Wireless sensor networks equipped with various gas sensors have been actively used for air quality monitoring. Previous studies have typically explored system issues that include middleware or networking performance, but most research has barely considered the details of the hardware and software of the sensor node itself. In this paper, we focus on the design and implementation of a sensor board for air pollutant monitoring applications. Several hardware and software issues are discussed to explore the possibilities of a practical WSN-based air pollution monitoring system. Through extensive experiments and evaluation, we have determined the various characteristics of the gas sensors and their practical implications for air pollutant monitoring systems.
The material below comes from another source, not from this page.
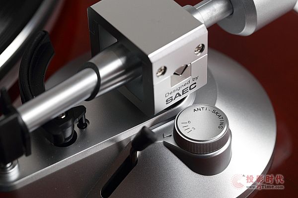 TN-3B的唱臂采9吋S型臂管、刀鋒軸承,可調(diào)整抗滑,VTA不可調(diào),唱頭蓋為活動式,可輕松更換唱頭。TN-3B隨盤已附有audio-technica的AT-VM95E MM唱頭,而且唱頭都已裝妥于通用型唱頭蓋上,并經(jīng)精準調(diào)校,安裝時只要將唱頭蓋鎖上,調(diào)好針壓即可播放。TN-3B的啟動/關(guān)閉與轉(zhuǎn)速控制都在盤身右側(cè)唯一的旋鈕上,0是停止,轉(zhuǎn)到33立即啟動至33 1/3轉(zhuǎn)速,轉(zhuǎn)到45則為45轉(zhuǎn),使用上非常方便。TN-3B的馬達位在盤身左上角,透過一條扁平皮帶連動轉(zhuǎn)盤。馬達上方并附了一個圓蓋,可將pulley整個罩住,可讓外觀看起來更為平整簡潔,設(shè)計十分細心。轉(zhuǎn)盤采用鑄鋁盤,而非一般便宜的塑料盤。此外,隨附的壓克力透明防塵上蓋也是可拆的,平常不聽的時候可蓋上,聆聽時再將防塵蓋取下,以避免震動產(chǎn)生諧振影響聲音。

Evaluating mobility models for temporal prediction with high-granularity mobility data

A mobility model is an essential requirement in accurately predicting an individuals future location. While extensive studies have been conducted to predict human mobility, previous work used coarse-grained mobility data with limited ability to capture human movements at a fine-grained level. In this paper, we empirically analyze several mobility models for predicting temporal behavior of an individual user. Unlike previous approaches, which employed coarse-grained mobility data with partial temporal-coverage, we use fine-grained and continuous mobility data for the evaluation of mobility models.We explore the regularity and predictability of human mobility, and evaluate location-dependent and location-independent models with several feature-aided schemes. Our experimental results show that a location-dependent predictor is better than a location-independent predictor for predicting temporal behavior of individual user. The duration of stay at a location is strongly correlated to the arrival time at the current location and the return-tendency to the next location, rather than recent k location sequences.We also find that false-positive predictions can be reduced by adaptive use of mobility models.